3Sum Closest medium

Problem Statement

Given an integer array nums of length n and an integer target, find three integers in nums such that the sum is closest to target. Return the sum of the three integers. You may assume that each input would have exactly one solution.

Example 1:

Input: nums = [-1,2,1,-4], target = 1
Output: 2
Explanation: The sum that is closest to the target is 2. (-1 + 2 + 1 = 2)

Example 2:

Input: nums = [0,0,0], target = 1
Output: 0

Steps

  1. Sort the array: Sorting the array allows us to use a two-pointer approach efficiently.
  2. Iterate through the array: We iterate through the array using a single pointer i. For each element at index i, we consider it as one of the three numbers in the sum.
  3. Two-pointer approach: For each i, we use two pointers, left and right, to scan the remaining array. left starts at i + 1 and right starts at n - 1.
  4. Calculate the sum: We calculate the sum currentSum = nums[i] + nums[left] + nums[right].
  5. Compare with the target and update the closest sum: We compare the absolute difference between currentSum and target with the absolute difference between the current closest sum (closestSum) and target. We update closestSum if we find a closer sum.
  6. Adjust pointers: If currentSum is less than target, we increment left to increase the sum. If currentSum is greater than target, we decrement right to decrease the sum.
  7. Return the closest sum: After iterating through all possible triplets, we return the closestSum.

Explanation

The algorithm leverages the fact that after sorting the array, we can efficiently search for triplets whose sum is close to the target using a two-pointer technique. By moving the left and right pointers, we systematically explore all possible combinations involving the element at index i.

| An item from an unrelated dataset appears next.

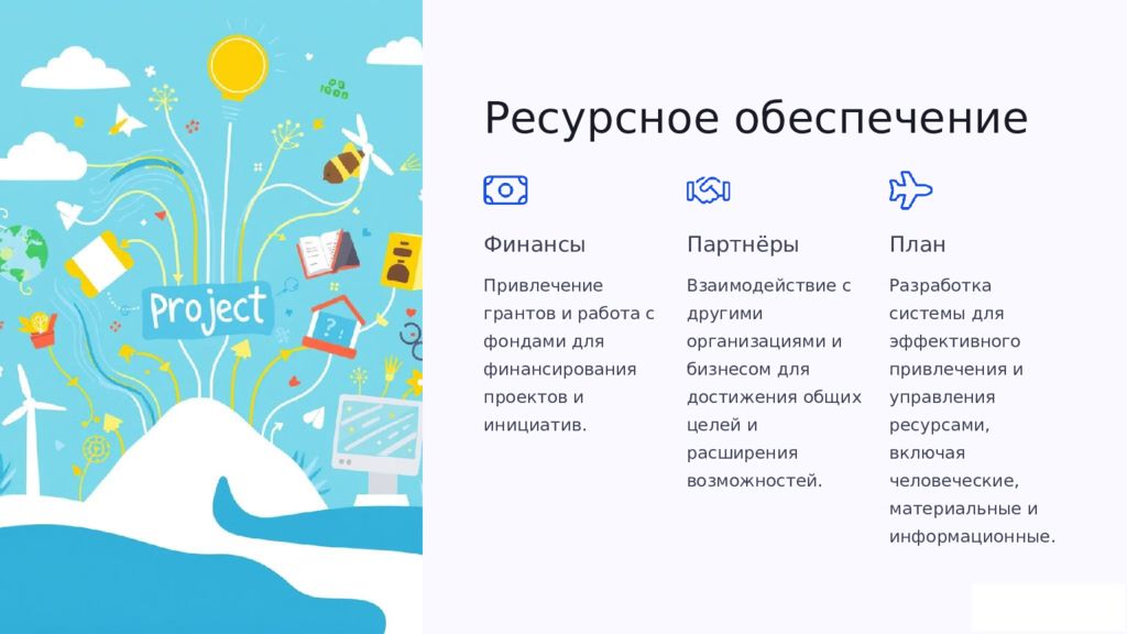 Ресурсное обеспечение Финансы Привлечение грантов и работа с фондами для финансирования проектов и инициатив. Партнёры Взаимодействие с другими организациями и бизнесом для достижения общих целей и расширения возможностей. План Разработка системы для эффективного привлечения и управления ресурсами, включая человеческие, материальные и информационные.

The use of absolute difference ensures that we are always tracking the sum that is closest to the target, regardless of whether the sum is greater or less than the target.

Code

#include <iostream>
#include <vector>
#include <algorithm>
#include <limits> // Required for numeric_limits

using namespace std;

int threeSumClosest(vector<int>& nums, int target) {
    sort(nums.begin(), nums.end());
    int n = nums.size();
    int closestSum = numeric_limits<int>::max(); // Initialize with the largest possible integer
    int minDiff = numeric_limits<int>::max(); //Initialize with the largest possible integer


    for (int i = 0; i < n - 2; ++i) {
        int left = i + 1;
        int right = n - 1;
        while (left < right) {
            int currentSum = nums[i] + nums[left] + nums[right];
            int diff = abs(currentSum - target);

            if (diff < minDiff) {
                minDiff = diff;
                closestSum = currentSum;
            }

            if (currentSum < target) {
                left++;
            } else if (currentSum > target) {
                right--;
            } else {
                return target; // Exact match found
            }
        }
    }
    return closestSum;
}

int main() {
    vector<int> nums1 = {-1, 2, 1, -4};
    int target1 = 1;
    cout << "Example 1: " << threeSumClosest(nums1, target1) << endl; // Output: 2

    vector<int> nums2 = {0, 0, 0};
    int target2 = 1;
    cout << "Example 2: " << threeSumClosest(nums2, target2) << endl; // Output: 0

    return 0;
}

Complexity

  • Time Complexity: O(n^2), dominated by the nested loops. Sorting the array takes O(n log n), but this is less significant than the nested loops.
  • Space Complexity: O(log n) in the best and average case for sorting (due to recursion in quicksort or mergesort), O(n) in the worst case (for sorting). If we consider in-place sorting algorithms (like heapsort), space complexity becomes O(1). The additional space used by the variables is constant, O(1).